TASK STATEMENT:
Would you give the number of lines in the entries that contain the word "kirke"? Nothing else is needed.

====== PROVIDED DATA

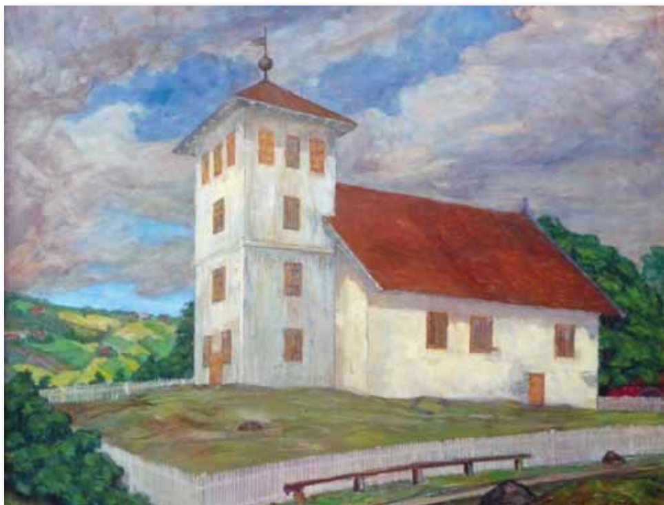
Bønsnes kirke, malt av Anders Castus Svarstad i 1932.

Bønsnes kirke er trolig fra annen halvdel av 1200-tallet. Den er en langkirke med skip og kor som danner et rektangulært rom, en kirketype som ble vanlig i Norge etter 1250. Det har versert et sagn om at kirken skulle være bygget av Olav den hellige etter at han ble reddet av «Vår Herre» fra et kraftig uvær på fjorden. Men dette sagnet viser seg å være fra slutten av 1800-tallet, og tilsvarende sagn finnes flere steder langs norskekysten.
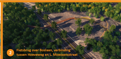
2 Fietsbrug over Boslaan, verbinding tussen Hoeweweg en L. Moessensstraat

In opdracht van het Agentschap Wegen en Verkeer (AWV) realiseert Franki Construct een ecoduct over de Boslaan (N75), ter hoogte van het recreatiedomein Sparrendal in Lanklaar. Zo moeten fietsers, voetgangers en dieren veilig kunnen bewegen tussen de natuurgebieden van het Nationaal Park Hoge Kempen die de Boslaan momenteel doorsnijdt. Het project gebeurt in samenwerking met het Agentschap voor Natuur en Bos, het Departement Omgeving, het Departement Mobiliteit en Openbare Werken, het Regionaal Landschap Kempen & Maasland, de stad Dilsen-Stokkem & VAPEO (Vlaams Actieprogramma Ecologische Ontsnippering).
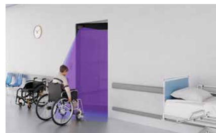
Öppningsfunktion när någon närmar sig dörren
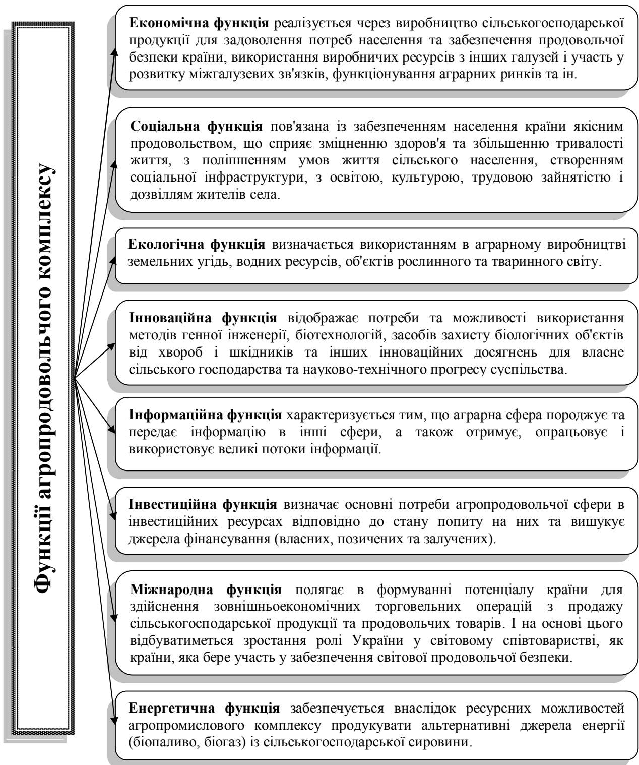
Рис. 2. Основні функції агропродовольчого комплексу та їх характеристика*

* Доповнено автором на основі джерела [5]
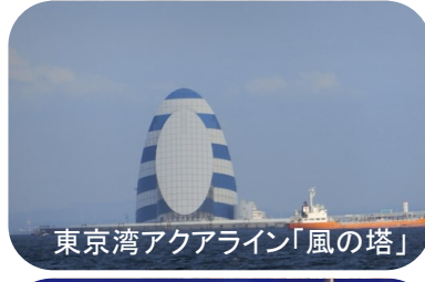
東京湾アクアライン「風の塔」
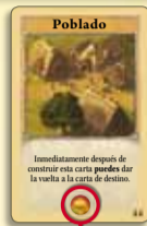
Punto de victoria

El primer jugador que consiga llegar a 10 puntos de victoria con las cartas que tenga sobre la mesa gana la partida.
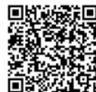
港区ホームページ (子どもふれあいルーム)
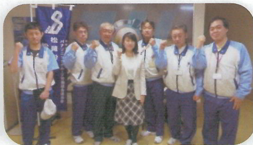
松井松山労働組合
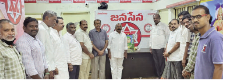
టైమ్స్ ఆఫ్ వార్త - కూకట్ పల్లి
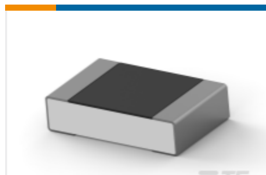
TE 产品编号9-2176374-8 RQ 0805 1K1 0.1% 10PPM 1K RL
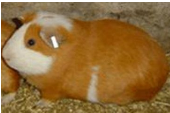
Figura 2: Cuy Tipo 1.

Tipo 1: Es de pelo corto, lacio y pegado al cuerpo, está entre los más difundidos y caracteriza al cuy peruano productor de carne. Puede o no tener remolino en la frente. Se encuentran de colores simples claros, oscuros o combinados. Es el que tiene el mejor comportamiento como productor de carne.
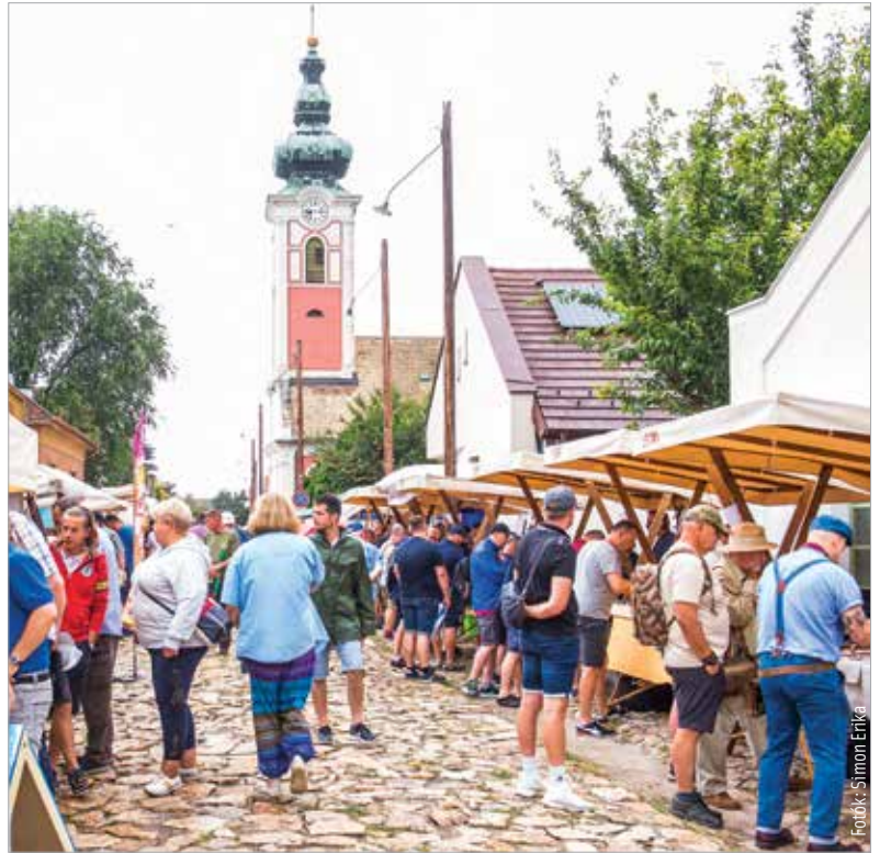
A Rác utca idén is megtelt kiállítókkal és látogatókkal

alkalmából hirdett Fém a fém-című pályázatra beérkezett alkotásokból nyílt a Rác utca 13. szám alatti portán. A pályamunkákat Takáts Zoltán, a Magyarországi Kovácsmíves Céh atyamestere értékelte. A szakmai zsűri döntése
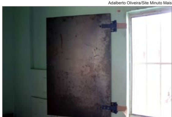
Janelas com chapas de aço foram parte do forte esquema de segurança
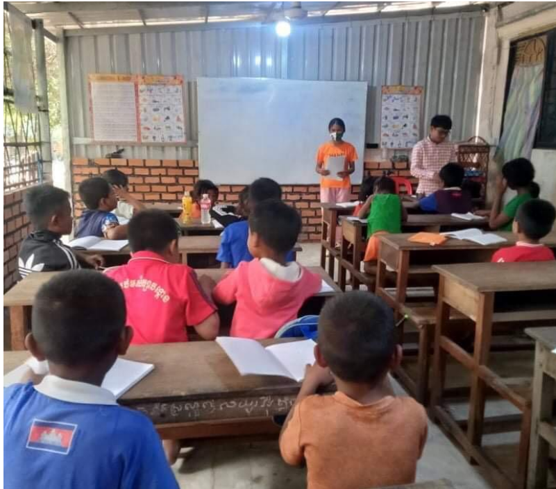
Onze jongeren, op een schooltje in de community, geven les over het milieu

Zoals gezegd, laten we in ons project Educatie en Milieu 'hand in hand gaan'.
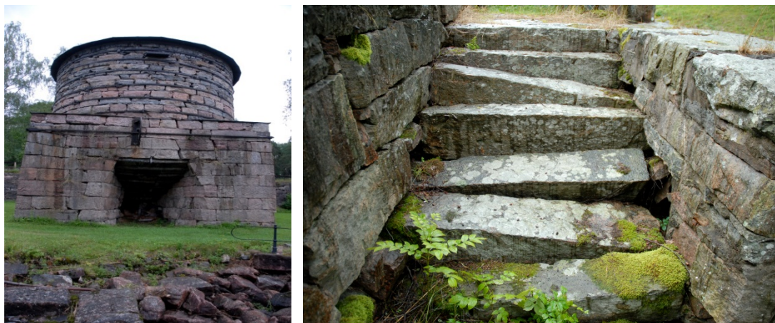
Skadade murverk vid Borgviks hyttruin, Borgviks socken, Grums kommun.

När det gäller kunskapsunderlag får bidrag lämnas både till att ta fram underlag, som är nödvändiga för att genomföra vårdinsatser på objekt som faller in under värdefulla kulturmiljöer, och till att ta fram generella eller riktade regionala och kommunala kunskapsunderlag, som syftar till att ta till vara kulturhistoriska värden i samhällsplaneringen.
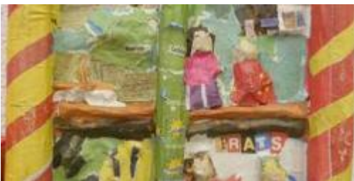
L'art des retables : Raconte-moi l'histoire de Sant Jordi

Grâce à des collages et dessins, les élèves appréhendent la fonction narrative d'un retable.
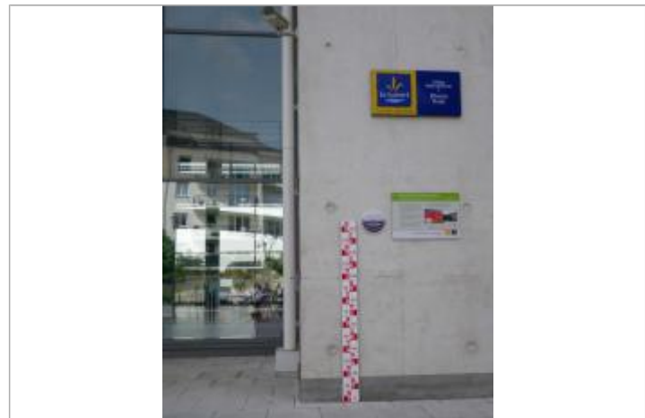
Vue du repère en 2011, source : département du Loiret.

MARQUE Texte : 2 juin 1856 - plus hautes eaux connues - La Loire Maximum de l'inondation : Oui Visibilité : Oui État du repère : Bon Pérennité : Longue Repère calculé : Non renseigné PHEC : Oui
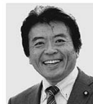
弁護士 仁比 そうへい 現 55歳。参院議員2期。党参院国対副委員長。 活動地域 中国、四国、九州・沖縄
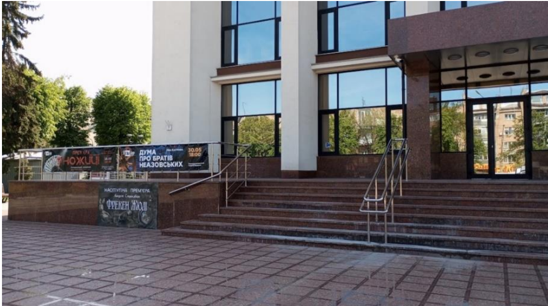
Головний вхід. Вид на зовнішній пандус.

Безперешкодний доступ до будівлі забезпечується зовнішнім і внутрішнім пандусами.
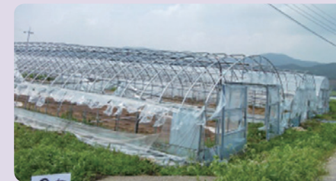
[비닐 사전 제거 하우스]
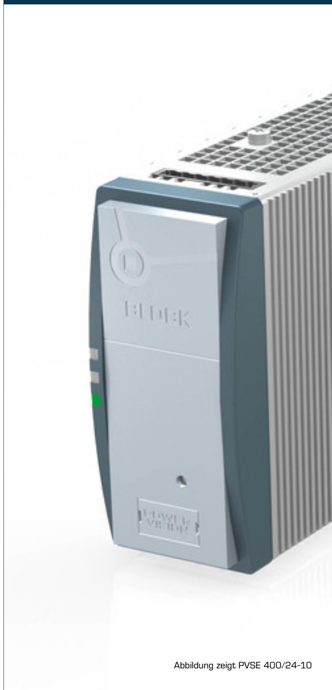
Abbildung zeigt PVSE 400/24-10
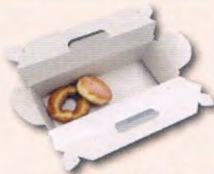
ドーナツやケーキ等の入った箱
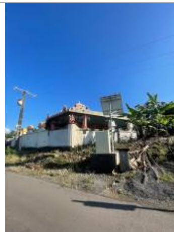
Vue générale du site, DEAL Réunion, 2023
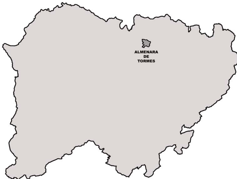
Fig. 1.- Plano de la provincia de Salamanca con el término de Almenara de Tormes

El término municipal de Almenara de Tormes se localiza al Nordeste de la provincia de Salamanca, a unos 18 km al Noroeste de la capital salmantina por la carretera provincial SA-300, formando parte de la comarca de “Tierra de Ledesma”. Este término, cuya superficie es de 19,29 km 2 y su altitud media es de 782 m sobre el nivel del mar, delimita al Norte con los T.M. de San Pelayo de Guareña, El Arco, Aldearrodrigo y Torresmenudas; al Este con Valverdón; al Sur con El Pino de Tormes y Zarapicos; y al Oeste con San Pedro del Valle y Juzbado.
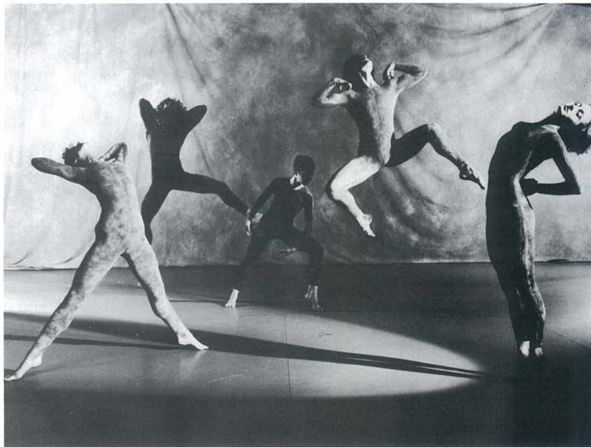
להקתו של מרס קאנינגהם - "שינויי כתובת" MERCY CUNNINGHAM COMPANY - "CHANGE OF ADDRESS"

את המחול המודרני בחיתוליו, משחזרות לאחרונה מספר להקות, ושמות כטד שון ורות סנט-דני, איזדורה דנקו, דוריס האמפרי וצ'ארלס ויידמן, כבר פחות זרים לאוזן. החיאת היצירות שלהם, החושפת אוצרות עלומים, מסייעת גם לשימור חומר המתועד
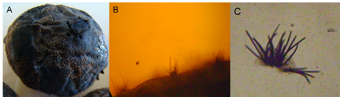
FIGURA 2. Antracnose em frutos e sementes de pinhão manso decorrente da inoculação de frutos com as espécies Colletotrichum capsici e C. gloeosporioides . (A) Fruto necrosado com esporulação alaranjada na superfície, (B) Acérvulos na superfície de semente infectada, (C) estrutura acervular de Colletotrichum .
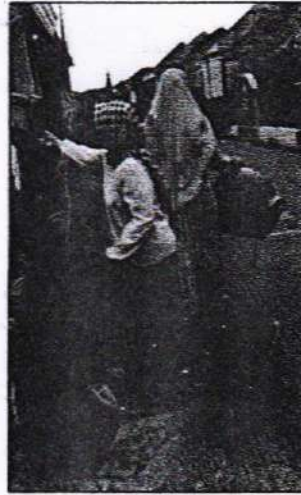
Gambar 4. 5 Disribusi Tong Sampah pada Warga
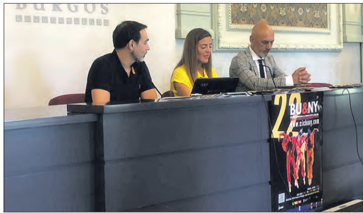
Presentación del evento, el miércoles 19.
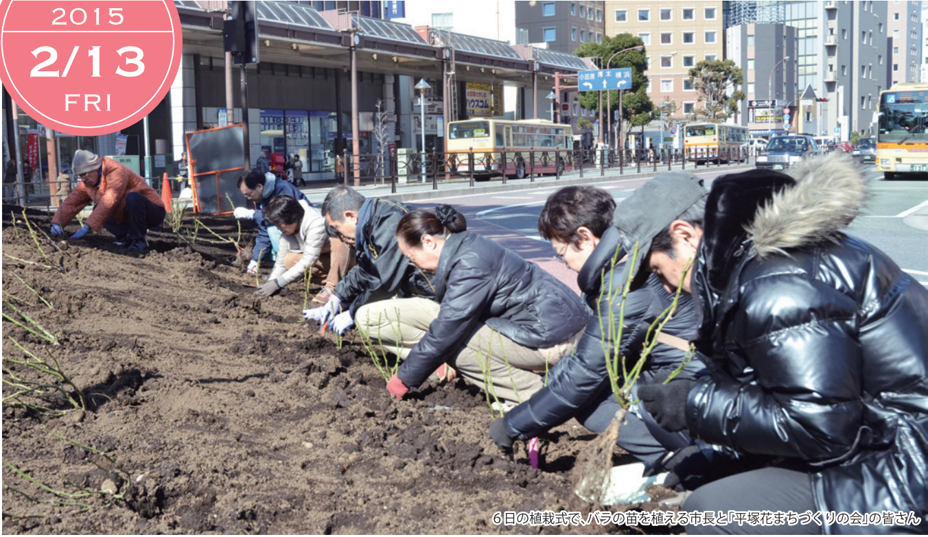
6日の植栽式で、バラの苗を植える市長と「平塚花まちづくりの会」の皆さん
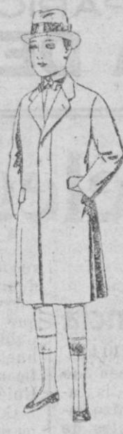
Gabanes de patén, para niños de 10 a 12 años, de ptas. 35 a 62.
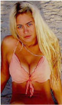
Marina 25 Jahre
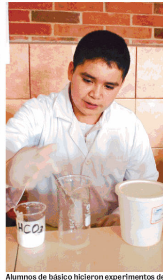
Alumnos de básico hicieron experimentos de química y física.
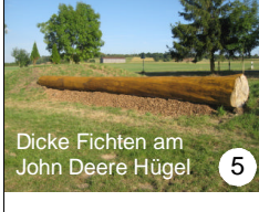
5 Dicke Fichten am John Deere Hügel
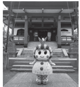
神楽坂 毘沙門天善國寺の前で
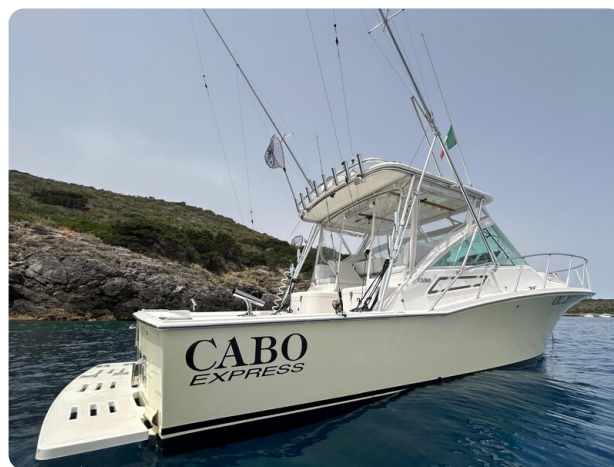
Cabo 32 Express, angle
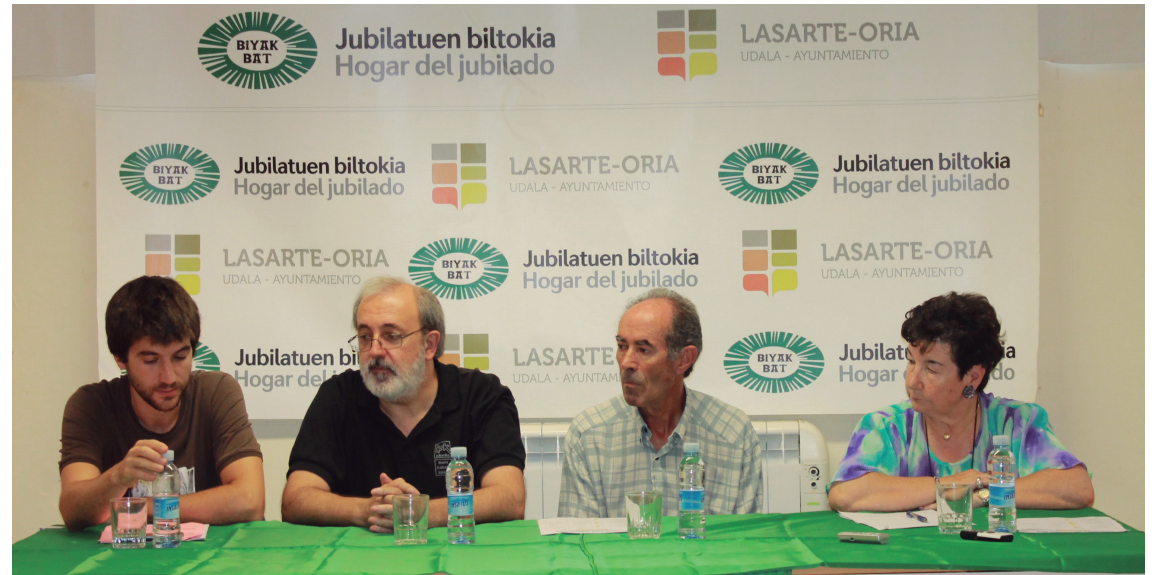
Biyak Baten aurkeztu zuten udaleko eta egoitzako ordezkariak Nagusien Omenaldiko egitaraua.

Urriaren 2an, Biyak Bateko abesbatzarekin batera emanaldia eskainiko du Ordizia abesbatzak Brigitarren komentuan. Urriaren 3an, ostirala, Okendon kalejira

============

EXERCISE SOLUTION:
2